In 14% of patients, the reason for lack of chemotherapy was patient preferences. This infers that omission of treatment does not equal treatment ineligibility. We have no data on why some of the patients declined SAT. In other cancers, an association between lower socioeconomic position (SEP) and lack of SAT has been demonstrated, possibly due in part to less treatment information provided and less involvement in clinical decision making in this patient group [Citation25]. The association between low SEP and UC is well-established [Citation26]. Although we have no information on SEP of the present study population, it is plausible that SEP might have impacted the decision of abstaining from treatment in some patients. Further, one could speculate that chemotherapy associated toxicities or the treatment not being curative discouraged a proportion of patients from treatment. Some of these patients might had been willing to receive ICI treatment, despite only a subpopulation of patients benefitting from this treatment [Citation27,Citation28]. Future drug development of increased efficacy and with a more favorable toxicity profile might incline more patients to initiate treatment [Citation7,Citation10].
The proportion of patients with mUC who did not receive SAT is similar to the findings in a study by Fisher et al. [Citation9], but higher than reported by Sonpavde et al. and Bamias et al. [Citation6,Citation8], and lower than demonstrated by Galsky and colleagues [Citation7]. The differences could be explained by dissimilarities in diagnostics between countries with different health care systems and health care funding (tax-financed versus insurance-based) and corresponding differences in patient characteristics. For the Galsky study, the difference in prevalence is likely explained by the higher median age of untreated patients [Citation7].
The literature describing reasons for lack of treatment is scarce. Although Bamias et al. found an association between lack of treatment and older age, non-Caucasian race, non-UC histology, higher Charlson Comorbidity Index, more frequent use of perioperative chemotherapy and management of primary tumors, as well as treatment at low-volume centers, no previous studies reported on the specific reasons for abstaining from SAT in patients with mUC [Citation8]. The association between comorbidity and lack of treatment reported by Bamias is to be expected, as comorbidity to a varying degree impact the risk/benefit ratio of SAT. Due to insufficient comorbidity data in the EMRs, we were not able to report on comorbidities in the present study cohort. We cannot exclude that poor physical condition stated as reason for lack of treatment may in part be due to comorbidity.
OS demonstrated in this cohort of patients with mUC not receiving SAT is significantly lower than the OS of 3–6 months reported in untreated patients with mUC before development of effective chemotherapy [Citation1]. This suggests that patients with mUC who do not receive SAT might have more aggressive disease and/or a worse general condition than the average patient with mUC. Interestingly, the OS in our patient cohort is notably lower than in previous reports (3.7–5.7 months) from after the introduction of SAT in mUC [Citation7–9]. We believe this is due to differences in patient characteristics including tumor burden at diagnosis and the proportion of patients initially presenting with mUC.

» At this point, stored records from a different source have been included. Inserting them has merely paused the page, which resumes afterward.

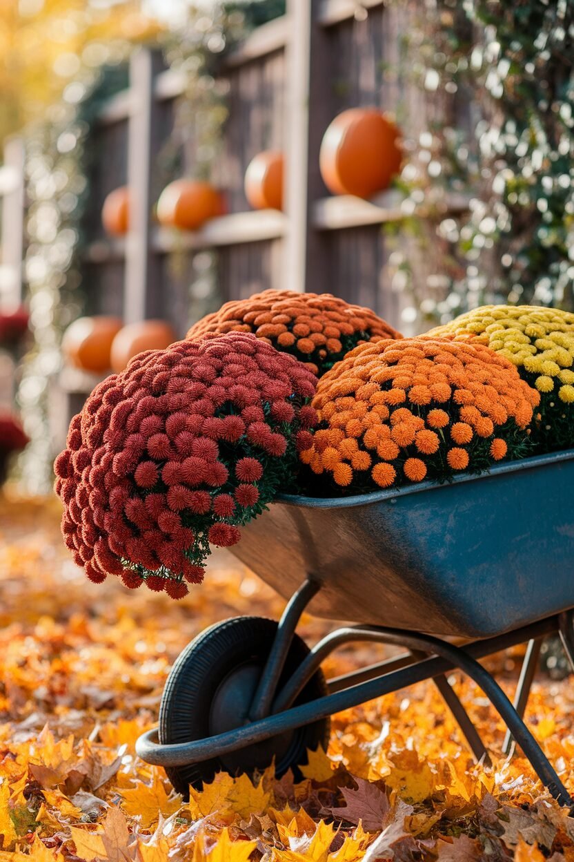 Mix and match fall flowers like sunflowers, marigolds, and daisies. Plant them in pots within the wheelbarrow for a portable garden. The vibrant colors bring life and joy to any corner of your yard.
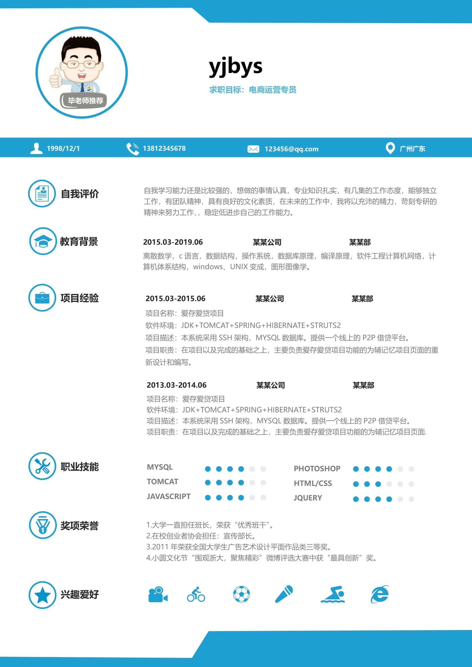 A136常用藍(lán),黃,綠簡歷模板
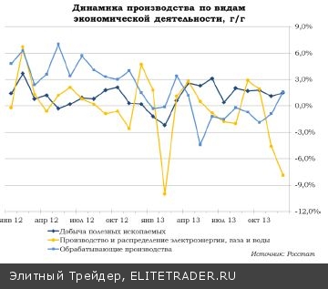 По данным Росстата декабрьский всплеск стал следствием увеличения добычи полезных ископаемых (+1,5% г/г) и роста загруженности обрабатывающих производств – впервые с апреля, прирост год к году стал положительным и составил 1,6%. Относительно теплый декабрь привел к уменьшению выпуска в сфере производства и распределения электроэнергии, газа и воды на 7,9%. В итоге за год в сфере добычи полезных ископаемых выпуск увеличился на 1,2%, в обрабатывающей промышленности – на 0,1%, в коммунальной сфере – напротив, уменьшился на 3,5%.
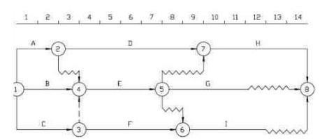 解析 本题考核的是总时差的计算。 工作E的总时差为“在不影响总工期的前提下,工作E可以利用的机动时间”。E工作紧后工作有3个。在双代号时标网络中,波形线为时差。E工作的时差为2、4、7中最小值。所以为2。 综上所述,正确选项为B。
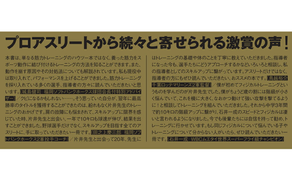 本書を、ウエイトトレーニングの指導に携わっている指導者の方、プロ・アマ問わずウエイトトレーニングを行っているアスリート、またトレーニング指導者を目指している学生の皆さんの参考にしていただき、競技力向上や身体づくりのための一助になれば、筆者にとってこれほど嬉しいことはありません。
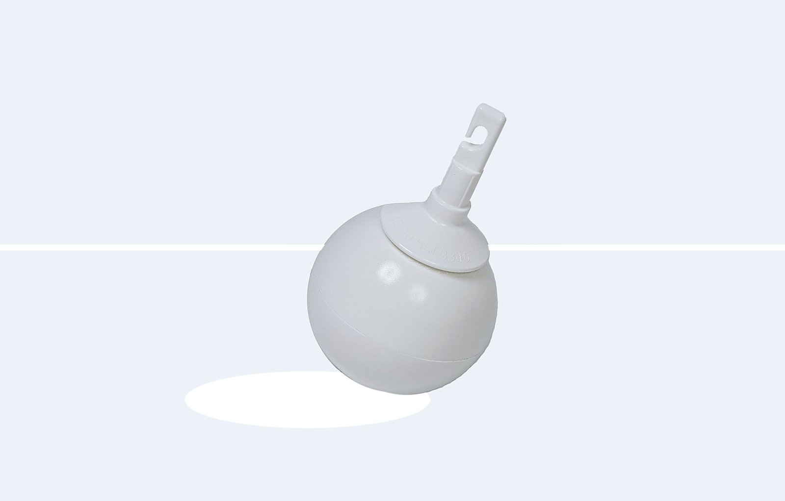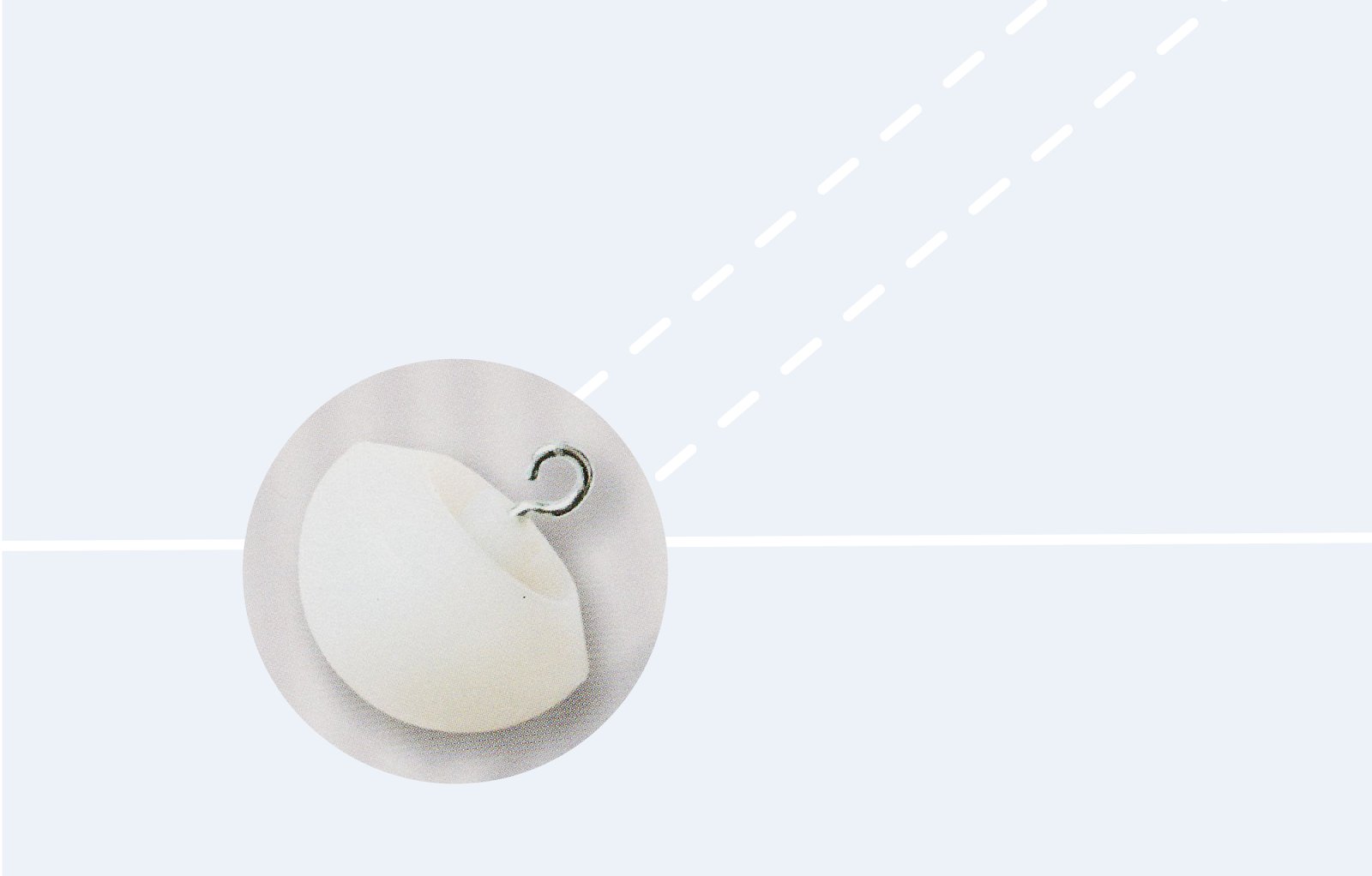 Тифлокомментарий: цветной фотоколлаж. На сером фоне с белой горизонтальной линией по центру представлен сферический вращающийся наконечник белого цвета с пластмассовым креплением-крючком. Наконечник слегка наклонен вправо.
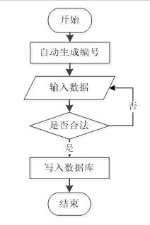 用户成功登入系统后就能够实现增加数据的操作,增加数据的编号是特定的,系统生成,用户不能随意填写,除了编号以外,其他增加信息用户自己填写,填写后的信息经过系统验证,验证合法通过就显示增加数据成功了,相反的话,就没有增加成功,图2-3显示的就是在增加数据时的流程。
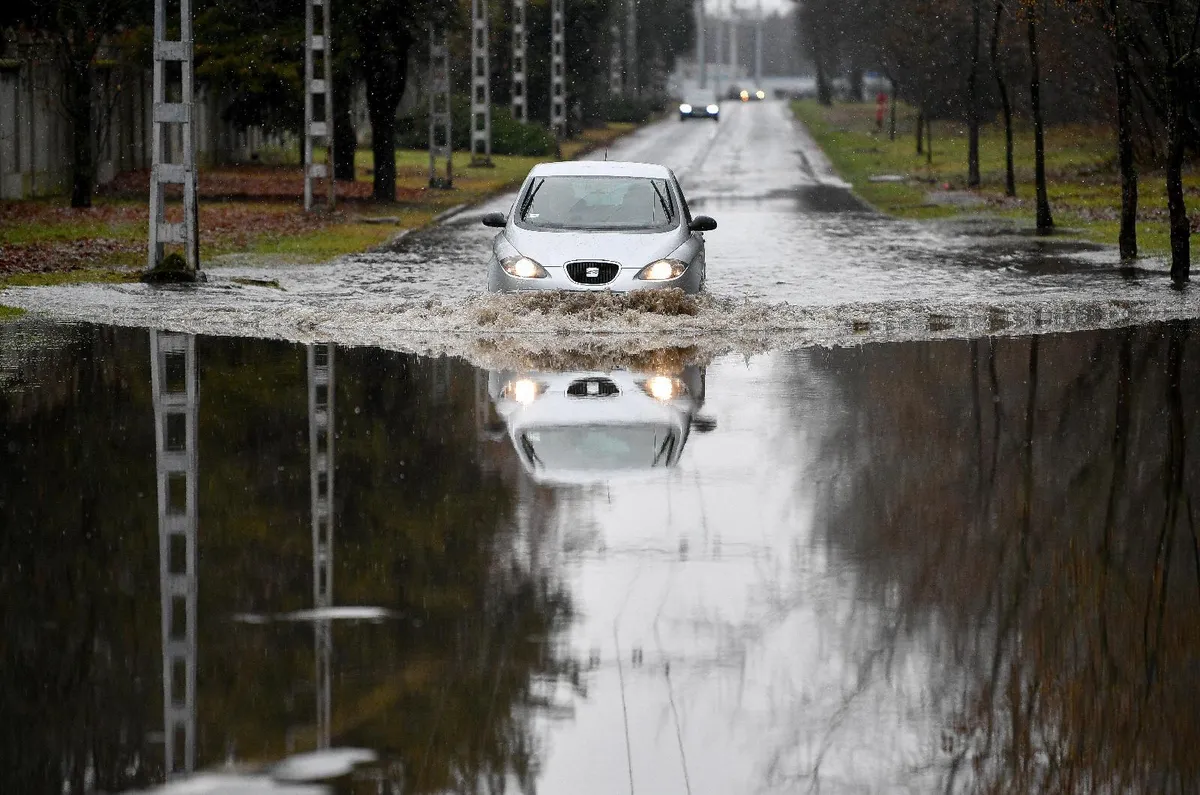 Egy jármű halad az összegyűlt csapadékvízben a Benczúr Gyula utcán Debrecenben 2022. december 11-én. MTI/Czeglédi Zsolt
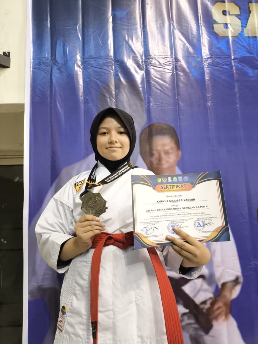 | KHAYLA MARISSA YASMIN | 0135642287 | Juara II Kata Perorangan SD Kelas 5 - 6 Putri | Tingkat Provinsi | 2026 | Foto | |
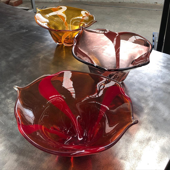 These gorgeous hand-blown glass bowls depict the delicate, unfolding blooms of colourful flowers.
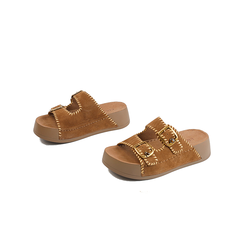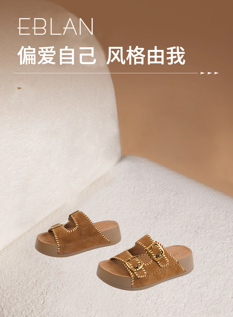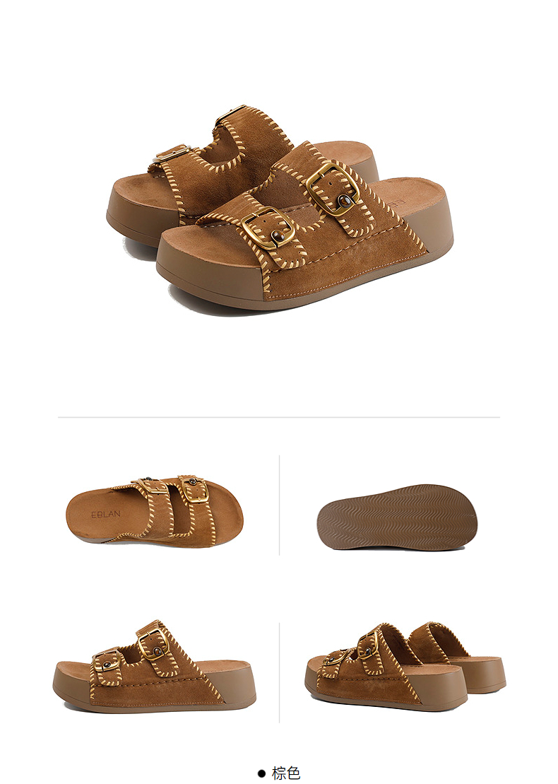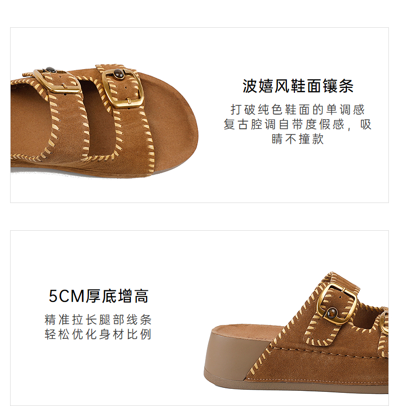 【上新】伊伴2026夏季松弛感波嬉风复古美拉德增高勃肯凉拖鞋B26315803
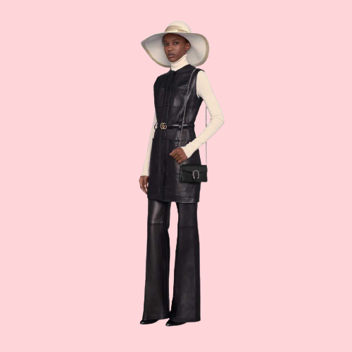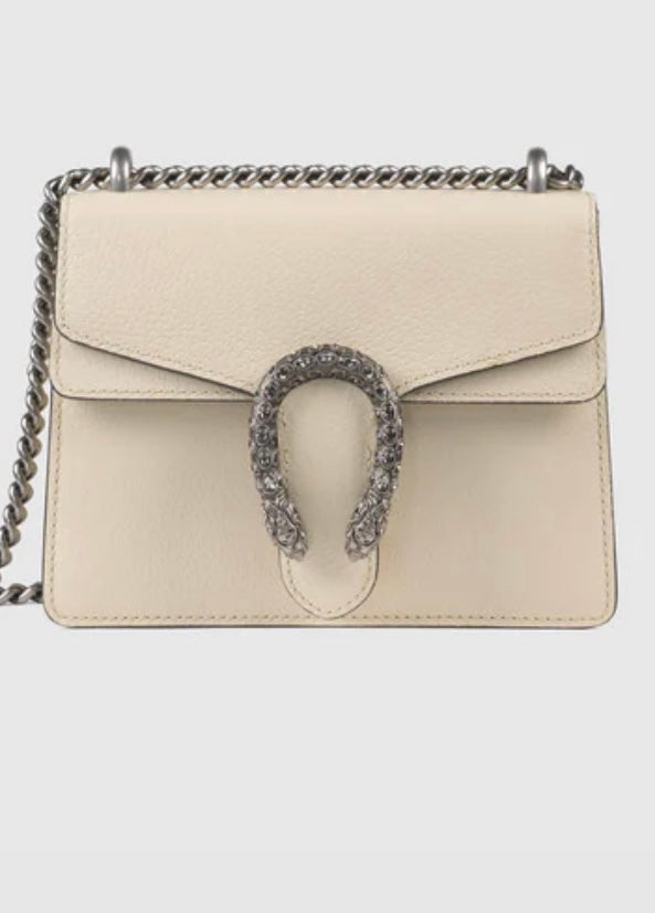 A structured leather chain super mini bag with a key ring that can be used to attach this bag to a separate larger bag. The closure has the textured tiger head spur closure-a unique detail referencing the Greek god Dionysus, who in myth is said to have crossed the river Tigris on a tiger sent to him by Zeus. The tiger head closure is enriched with crystal stones. Made in resistant textured leather.
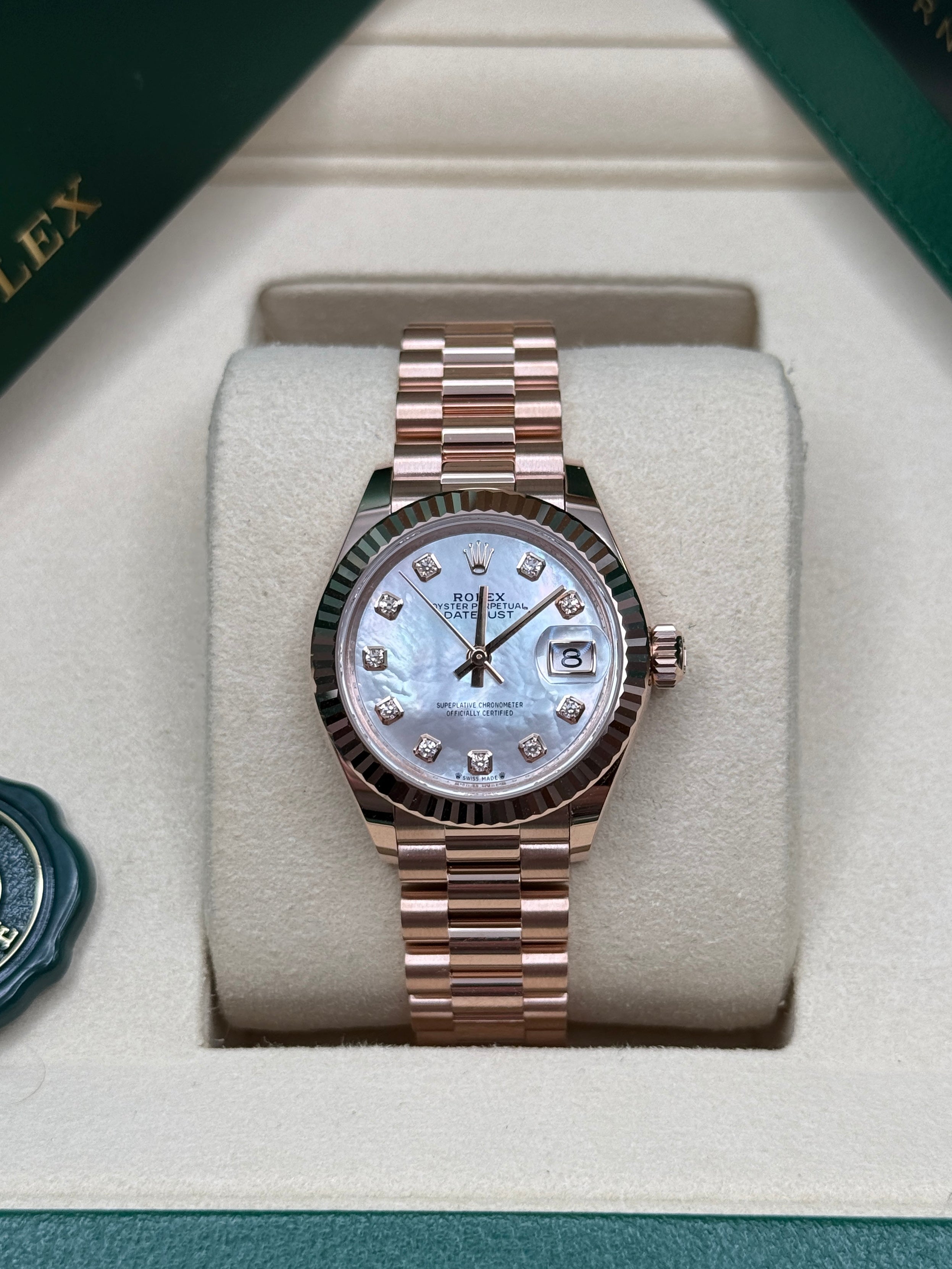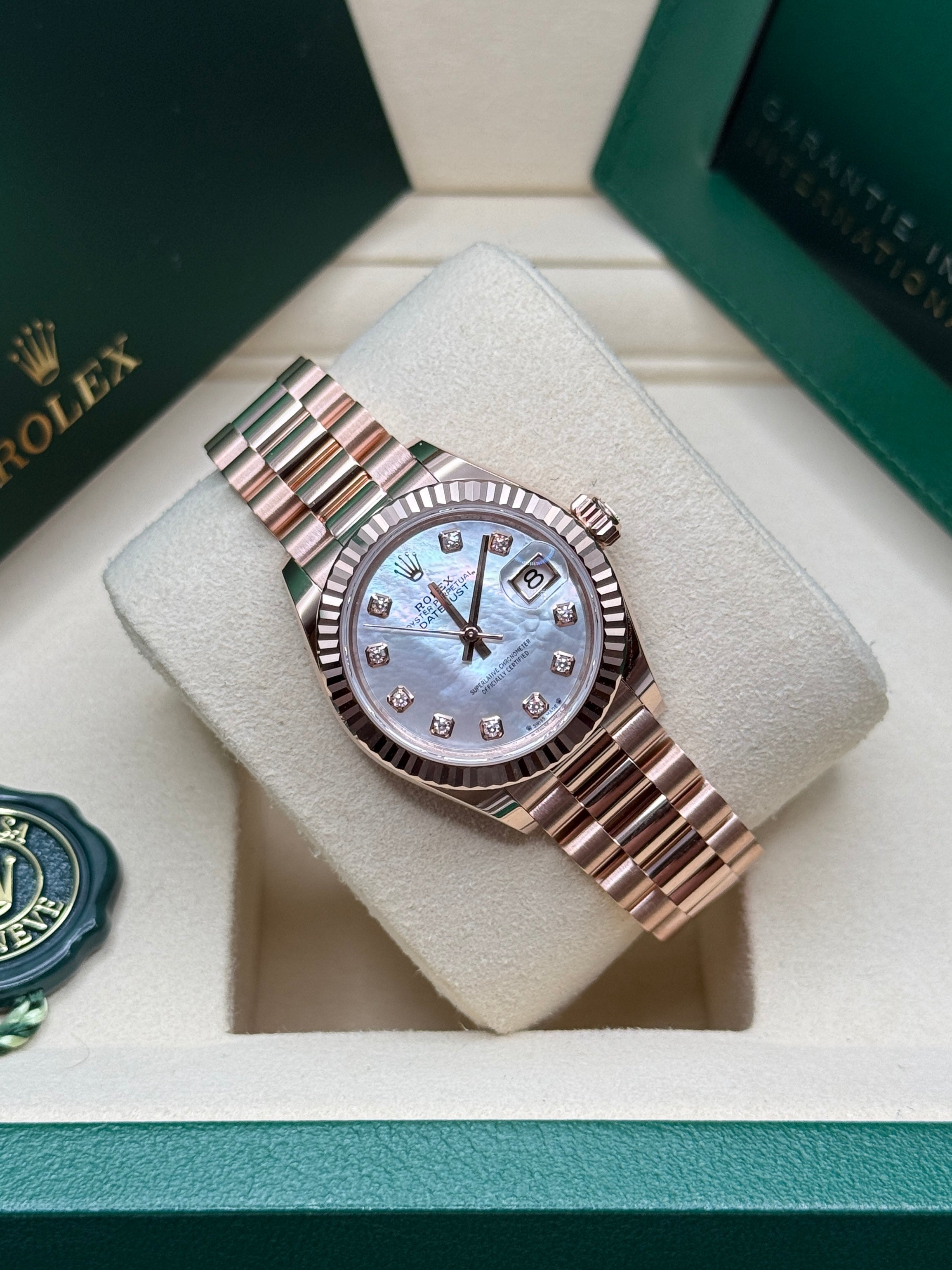 Everose Gold | President Bracelet | Mother of Pearl Diamond Dial | Fluted Bezel | 28.0mm
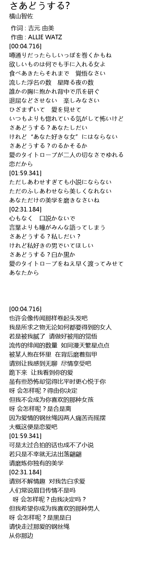 | [03:06.345] | 呀 会怎样呢?由我决定吗? |

We previously reported OS in patients with mUC treated in the real-world clinical setting to be comparable to OS in clinical trials [Citation18]. Yet, the demonstration of approximately one-third of patients with mUC not receiving SAT underscores the discrepancy between treatment efficacy as demonstrated in clinical trials and treatment effectiveness when applied to the general mUC population [Citation29]. Consequently, substantial unmet treatment needs remain, and further drug development with more favorable toxicity profiles is urgently warranted.
In daily practice, clinical assessment tools are warranted to help predict which patients with mUC could be optimized for SAT and which patients would benefit more from supportive care alone. Comprehensive geriatric assessment (CGA) is a multidisciplinary assessment considered the gold standard for evaluation of an older patient’s health situation [Citation3]. CGA can support clinical decision making by uncovering the functional capabilities and limitations of patients and directing interventions thereby possibly optimizing the general condition of frail patients. The CGA, however, is time consuming and not necessary for fit and healthy older patients. Several screening tools including G8 have been developed to identify which patients could benefit for a CGA [Citation30]. We believe that implementation of these screening tools is feasible and would be beneficial in patients with bladder cancer in general and in this subgroup of frail patients in particular.
Study limitations mainly confer to the retrospective study design. Some data are missing, particularly regarding ECOG PS, and we were not able to obtain valid comorbidity data. Due to the relatively small data set, we were not able to adjust for potential confounders including age, gender, ECOG PS and renal function.
Conclusions
In the investigated cohort, one-third of patients with mUC did not receive SAT, most often due to poor physical condition, decreased renal function or patient preferences. Earlier detection of advanced disease in addition to assessment of and attempts to improve physical performance and renal function to allow SAT should be a focus in this patient group. Novel and better tolerated treatment regimens with more favorable toxicity profiles than the currently available therapies are urgently needed in this frail patient group.
Acknowledgments
No other persons than the corresponding author and co-authors have made substantial contributions to this manuscript.
Disclosure statement
Lise H. Omland has received a honoraria of DKK 5000 in December 2020 for participating in a MSD bladder cancer meeting.
Helle Pappot has received research grants from Roche, MSD, Pfizer and Merck.
No funding or financial support was received for this project.
Data availability statement
Data can be provided, except for personally identifiable information.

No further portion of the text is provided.